Re: Business justification for pentesting

From: Irene Abezgauz (irene.abezgauz@gmail.com)
Date: Wed Aug 31 2005 - 04:33:47 EDT


The answer to the question of "how much money will I lose if a hacker
breaks into the network" is a very complex one.

Quantifying losses requires full cooperation of the financial
department of the company and understanding of the company business
type. And even then, I do not believe it cannot be accurate to the
level of a single number. I think that any pentester today who comes
and says "if you get hacked you will lose 400k USD" is just not
professional.

There are so many factors to this calculation (and no, these are not
ordered according to importance)

First - the size of the hack. There is a huge difference between a
hacker who completely took over the network, getting root privileges
on many important servers etc, and a hacker who gained access to the
"Employee Yearly Trip to the North" located in the Intranet and that
shouldn't have been accessible externally.

Second - the type of the damage. CIA - Confidentiality, Integrity,
Availability. Which one of the three was compromised, and how much
each of these costs to the company.

Third - the _business_ impact - An online store might require high
availability, while the most important thing in an online banking
application is the data integrity. Therefore you need full
understanding of the business impact, of the company finances, and
which servers exactly were hacked.
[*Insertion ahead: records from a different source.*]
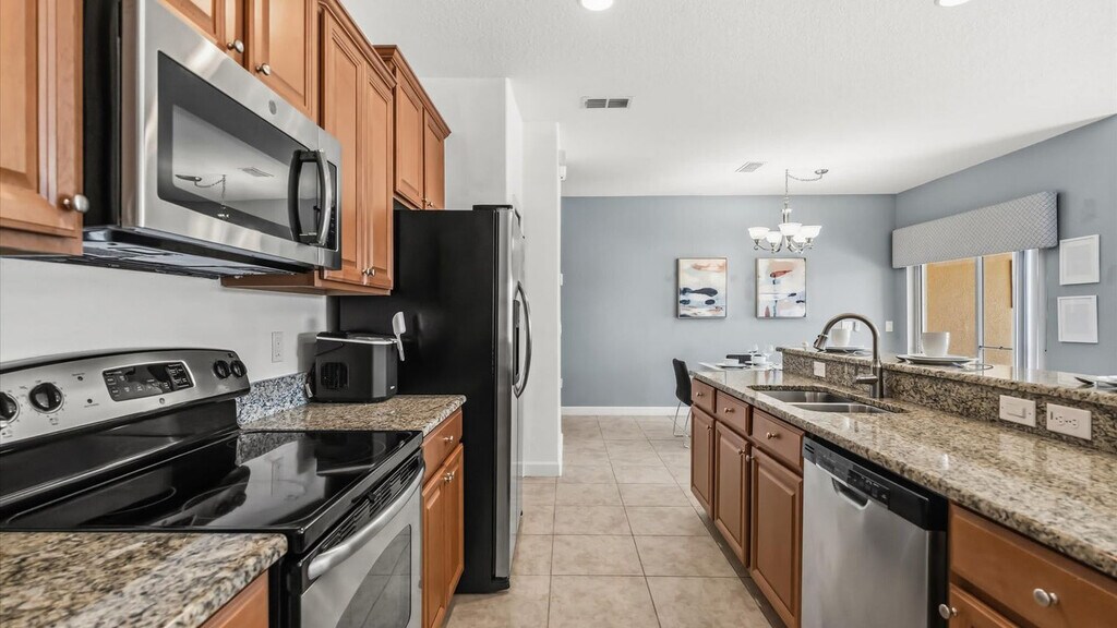 Feel at home in this Kissimmee getaway! This 4-bedroom, 3-bath townhome at Paradise Palms Resort is perfect for families and groups seeking fun and relaxation near Disney. This stylish home offers a private pool and hot tub, an open-concept living area with a Smart TV and Xbox, and a fully equipped kitchen with stainless steel appliances. There is indoor dining for 8 and breakfast bar seating for 4. An in-unit washer and dryer, central AC and heating, and high-speed Wi-Fi are also available. Pool heating is available for $35 per night with a 2-night minimum. A barbecue propane tank can be delivered for $55. A Pack 'N Play crib and a highchair are available for rent for $40 each. Located just minutes from shopping, dining, and Orlando’s top attractions, this home offers the perfect balance of adventure and relaxation. Theme parks and attractions nearby include Magic Kingdom Park, EPCOT, Disney’s Hollywood Studios, Disney’s Animal Kingdom, SeaWorld Orlando, and Universal Studios Florida. The Florida Mall is also nearby. Quiet hours are between 10 PM and 8 AM. Parties, events, and smoking/vaping of any kind are prohibited in or around the property and risk a fine of $150. Late departures will result in a fine of $150 for each additional hour the property cannot be accessed for turnover. Outside of service animals, pets are not permitted at this property, and any evidence of pets will result in a fine. Firearms and weapons are strictly prohibited. [SI]
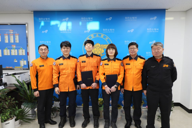 화천소방서(서장:조용철)는 12일 서장실에서 소방장 전진욱, 강중원, 소방사 전슬기 대원 등 3명에게 하트세이버 인증서를 수여했다.
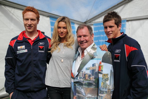 ロバート・ドイル メルボルン市長の隣にはモデルさん。両脇には、AFLオーストラリアン・フットボールのメルボルン・デーモンズ(Melbourne Damons)の選手。
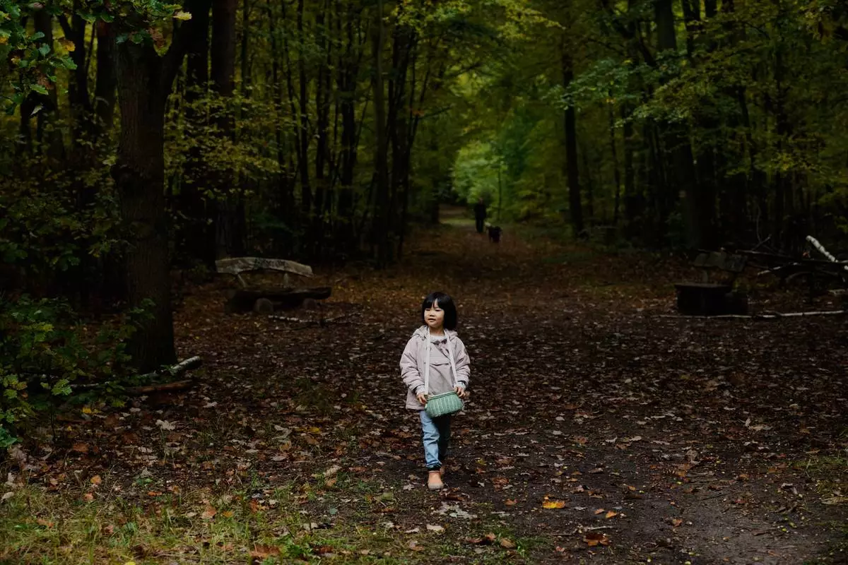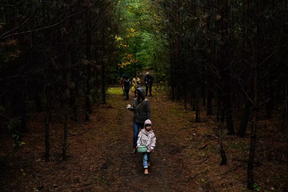 Angela Zhu 5, who is on a mushroom hunting trip with her parents, searches for mushrooms in a forest in Potsdam, Germany, Wednesday, Oct. 8, 2025. (AP Photo/Ebrahim Noroozi)
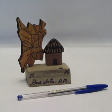 ARTESANATO (11,5X8,5X4,5 CM) CONFECCIONADO EM MADEIRA. MOSTRA O MAPA DE RORAIMA AO LADO DE UMA CABANA INDÍGENA. AMBOS FIXADO EM BASE DE MADEIRA, ONDE HÁ ORIFÍCIO PARA COLOCAÇÃO DE UM LÁPIS. NA FACE FRONTAL DA BASE, A INSCRIÇÃO 'BOA VISTA - RR'.
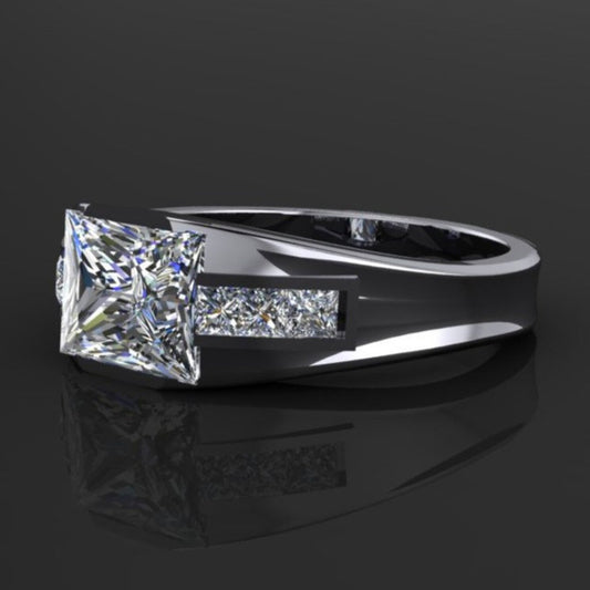 fernando ring - men's gold wedding band, 3 carat radiant cut moissanite ring
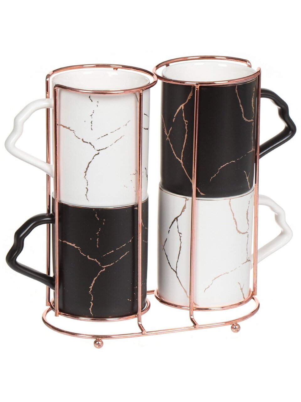 Объем каждой кружки — 340 мл (округлённо 350 мл). Материал — керамика, подставка выполнена из металла. В комплекте 4 кружки и металлическая подставка.
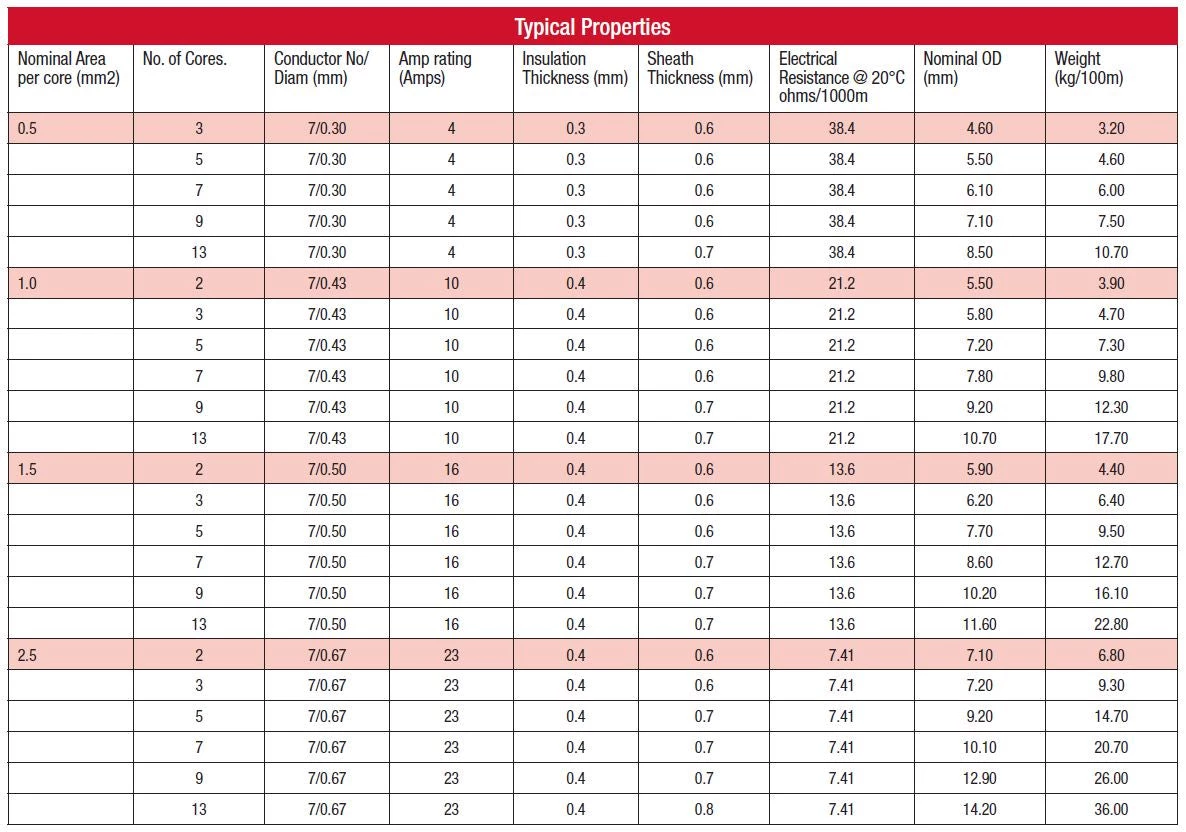 Multicore copper wire used to connect automatic controllers to solenoid valves.
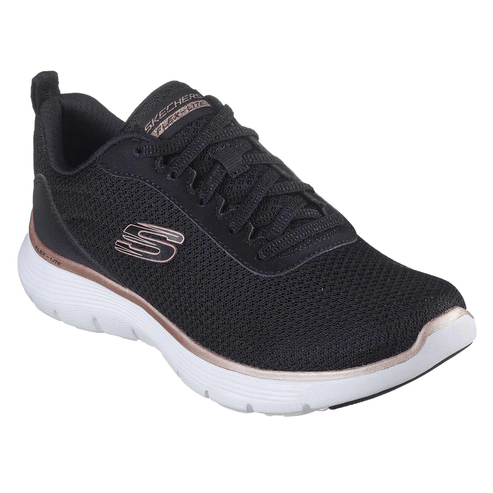 Get a new perspective on flexible sporty style and comfort with Skechers Flex Appeal 5.0. This lace-up features an engineered mesh upper with a cushioned Skechers Air-Cooled Memory Foam insole.
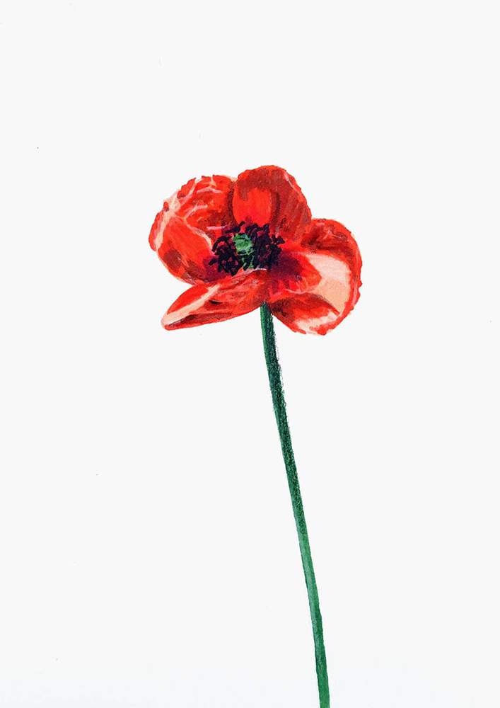 To draw a poppy flower, you first sketch the basic outline. Then, you sketch the petals and the stem. Next, you color the poppy flower with markers, building the colors up from light to dark. And to finish it off, you add a few details with colored pencils and add a few white highlights.
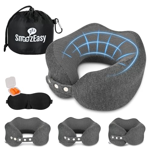 SnoozEasy™ Travel Pillow for Adults | High-Density Memory Foam Neck Pillow for Airplane | Adjustable Flight Travel Cushion with Eye Mask, Ear Plugs, Carry Bag & Carabiner Clip | UK Brand
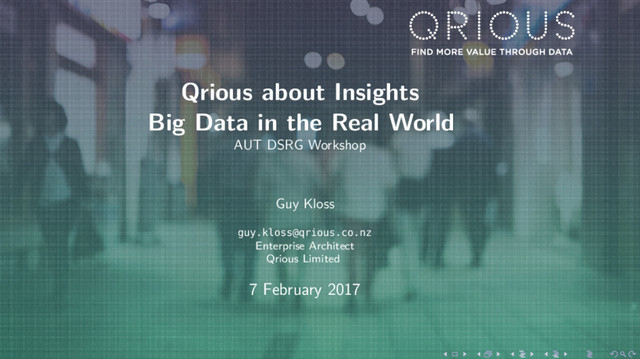 up a Solution Flotsam and Jetsam Who am I? Chemical Engineer (Masters) Rocket Scientist (German Aerospace Centre) Computer Scientist (PhD) Former lecturer (AUT) Lead Software Developer and Head Crypto Geek @ Mega Enterprise Architect at Qrious Dad, baseballer, diver, . . . general geek! Guy Kloss | Big Data in the Real World 6/41
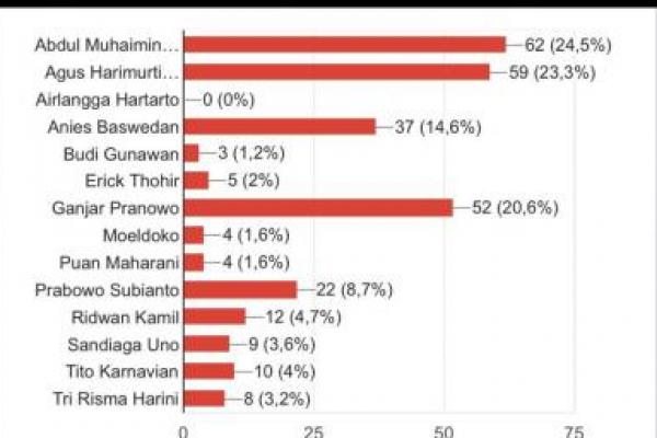 Hingga Sabtu (29/5/2021), Gus AMI unggul dengan perolehan suara 24,5 persen. Disusul Agus Harimurti Yudhoyono alias AHY (23,3%), Ganjar Pranowo (20,6%), Anies Baswedan (14,6%), Prabowo Subianto (8,7%), Ridwan Kamil (4,7%), Tito Karnavian (4%), Sandiaga Uno (3,6%), dan Tri Rismaharini (3,2%). Selanjutnya, Erick Thohir (2%), Moeldoko (1,6%), Puan Maharani (1,6%), Budi Gunawan (1,2%), dan Airlangga Hartarto (0%).
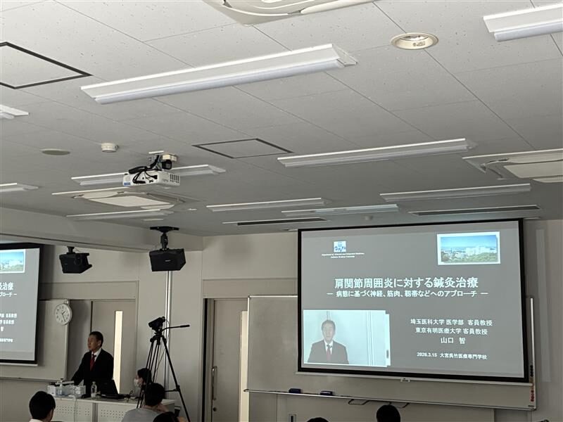 講義では、整形外科医、鍼灸師/理学療法士、鍼灸師がそれぞれの専門的視点から登壇し、肩関節疾患の鑑別、鍼灸治療と運動療法の適切な選択、医療機関との連携の重要性について解説が行われました。

A hacker broke into a server
hosting marketing information in a large telecom. A big campaign was
copied and then launched by a competitor.

10% of the new cell users decided to join the other company, causing
potential losses of 400,000$ a year. Another 200,000$ were put in a
new marketing campaign, etc.

A hacker broke into a server hosting customer information in a large
bank, 5% of the customers moved to a bank in which they feel safer to
use online banking application (in an ideal world I guess), 5,000,000$
were spent in courts. Another 500,000$ were a fine paid to the
government following some law. 100,000$ were spent on fixing the
damages, having IT personnel running around and freaking out. etc.
etc.

 

There is a calculation that says Amazon makes X$ per hour. If Amazon
is down for an hour, they will probably lose Y$.

 

Now, knowing all the above you come to your management.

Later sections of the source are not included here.